== RECORDS TO PROCESS ==

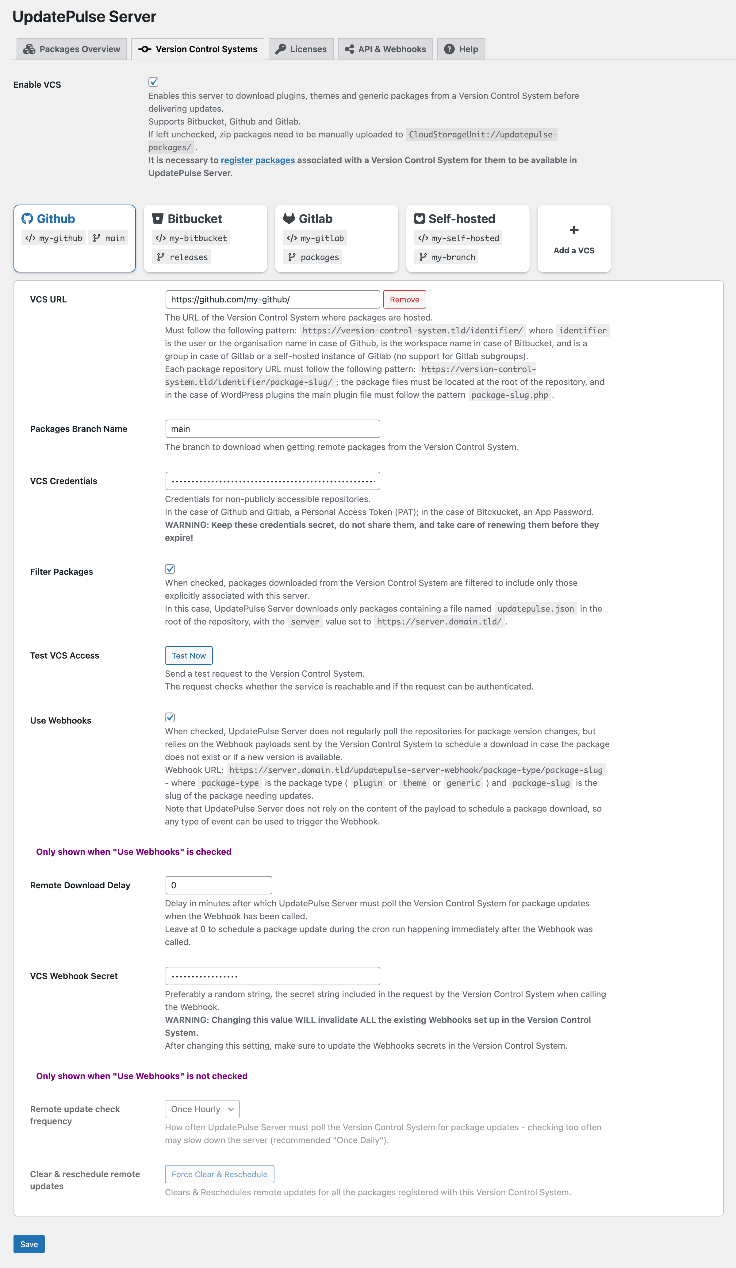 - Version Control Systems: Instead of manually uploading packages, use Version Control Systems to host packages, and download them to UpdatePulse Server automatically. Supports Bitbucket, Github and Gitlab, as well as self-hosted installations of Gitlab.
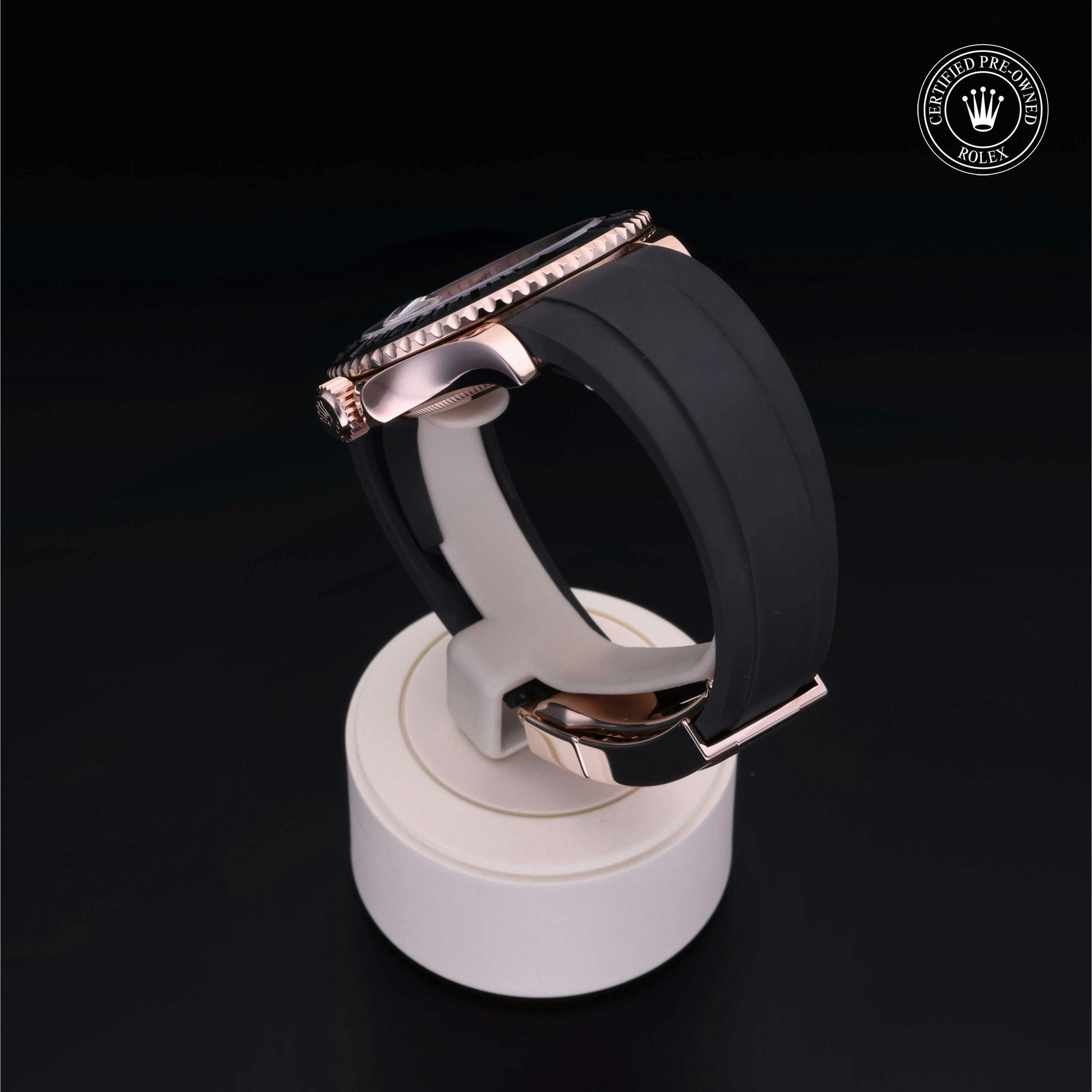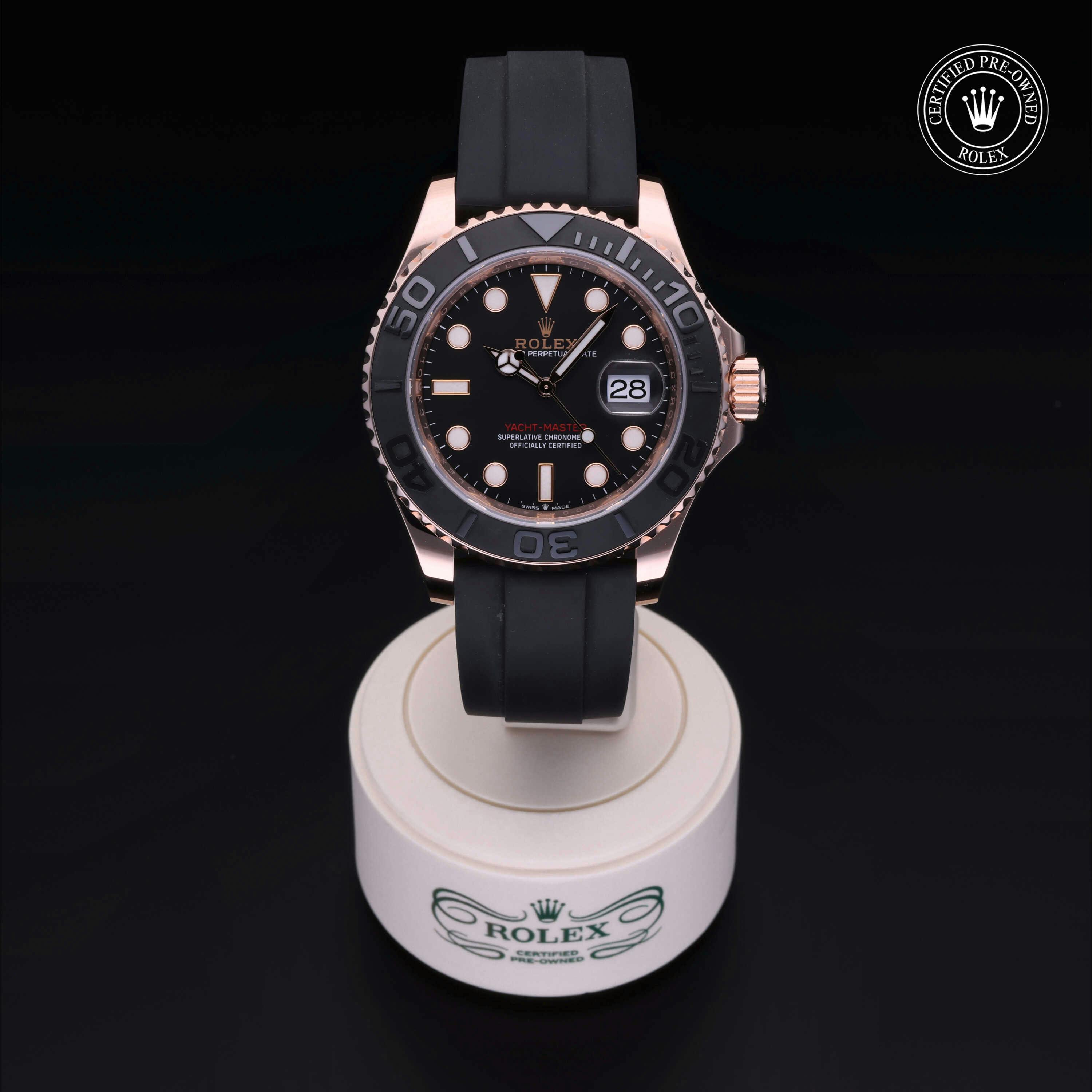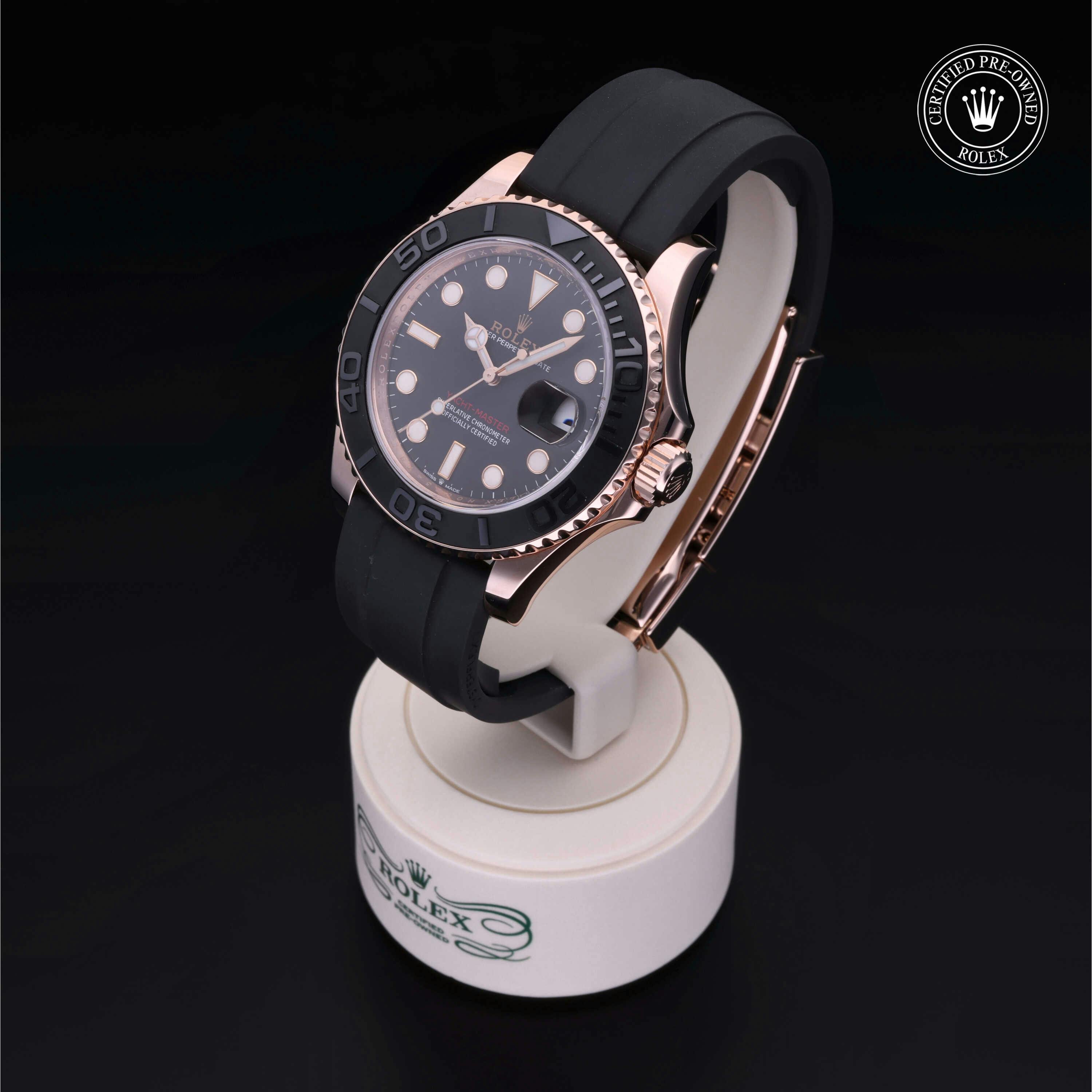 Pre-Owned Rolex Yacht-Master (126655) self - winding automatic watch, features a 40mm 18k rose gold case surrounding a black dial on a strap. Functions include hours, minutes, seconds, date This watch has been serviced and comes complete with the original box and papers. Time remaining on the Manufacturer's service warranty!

===
== RECORDS TO PROCESS ==

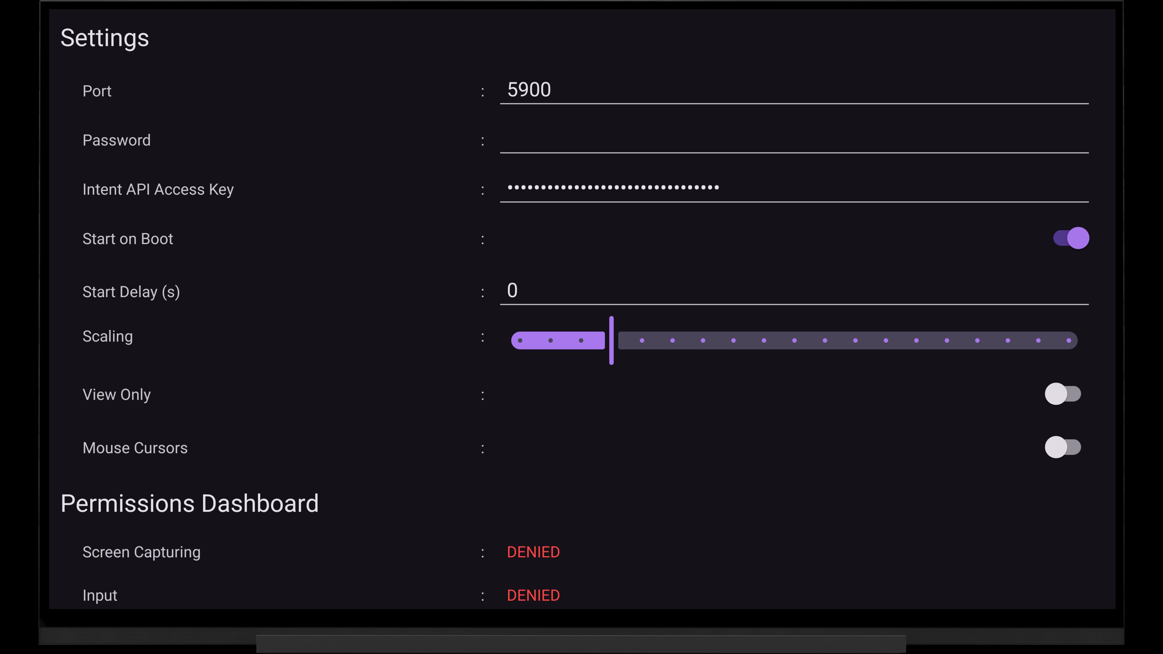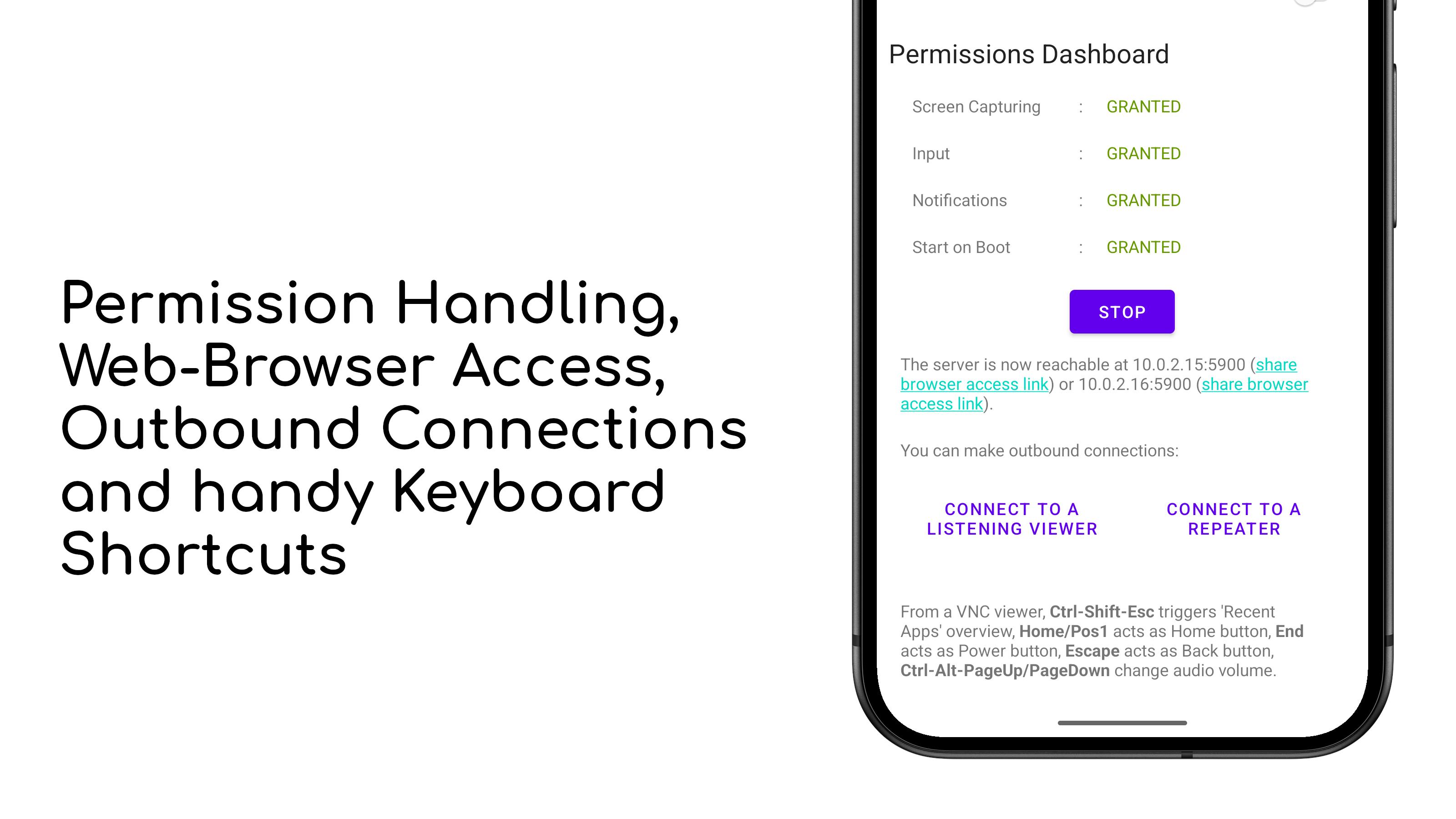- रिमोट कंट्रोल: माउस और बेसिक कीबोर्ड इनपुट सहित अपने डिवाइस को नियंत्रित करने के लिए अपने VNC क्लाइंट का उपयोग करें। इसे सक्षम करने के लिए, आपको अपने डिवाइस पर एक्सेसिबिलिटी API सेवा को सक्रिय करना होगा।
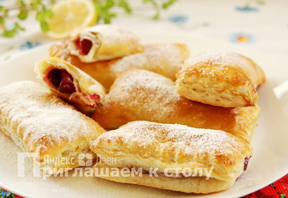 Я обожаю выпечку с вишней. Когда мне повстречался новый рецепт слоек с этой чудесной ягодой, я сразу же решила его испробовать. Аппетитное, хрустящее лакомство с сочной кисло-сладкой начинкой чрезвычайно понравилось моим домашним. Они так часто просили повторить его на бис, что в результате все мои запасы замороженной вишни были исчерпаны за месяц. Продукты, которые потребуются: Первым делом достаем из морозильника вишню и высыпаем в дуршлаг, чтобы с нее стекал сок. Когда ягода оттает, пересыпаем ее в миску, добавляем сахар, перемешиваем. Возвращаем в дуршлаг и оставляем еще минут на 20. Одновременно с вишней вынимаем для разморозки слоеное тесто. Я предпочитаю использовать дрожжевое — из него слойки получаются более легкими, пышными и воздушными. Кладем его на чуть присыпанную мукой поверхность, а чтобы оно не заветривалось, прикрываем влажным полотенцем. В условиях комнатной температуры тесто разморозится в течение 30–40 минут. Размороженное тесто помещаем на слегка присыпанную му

===

→ PROBLEM STATEMENT
In the data above, start at the line holding "- रिमोट कंट्रोल: माउस" and stop after the line holding "Я обожаю выпечку"; write out those lines exactly, without pictures.

→ PROBLEM SOLUTION
- रिमोट कंट्रोल: माउस और बेसिक कीबोर्ड इनपुट सहित अपने डिवाइस को नियंत्रित करने के लिए अपने VNC क्लाइंट का उपयोग करें। इसे सक्षम करने के लिए, आपको अपने डिवाइस पर एक्सेसिबिलिटी API सेवा को सक्रिय करना होगा।
 Я обожаю выпечку с вишней. Когда мне повстречался новый рецепт слоек с этой чудесной ягодой, я сразу же решила его испробовать. Аппетитное, хрустящее лакомство с сочной кисло-сладкой начинкой чрезвычайно понравилось моим домашним. Они так часто просили повторить его на бис, что в результате все мои запасы замороженной вишни были исчерпаны за месяц. Продукты, которые потребуются: Первым делом достаем из морозильника вишню и высыпаем в дуршлаг, чтобы с нее стекал сок. Когда ягода оттает, пересыпаем ее в миску, добавляем сахар, перемешиваем. Возвращаем в дуршлаг и оставляем еще минут на 20. Одновременно с вишней вынимаем для разморозки слоеное тесто. Я предпочитаю использовать дрожжевое — из него слойки получаются более легкими, пышными и воздушными. Кладем его на чуть присыпанную мукой поверхность, а чтобы оно не заветривалось, прикрываем влажным полотенцем. В условиях комнатной температуры тесто разморозится в течение 30–40 минут. Размороженное тесто помещаем на слегка присыпанную му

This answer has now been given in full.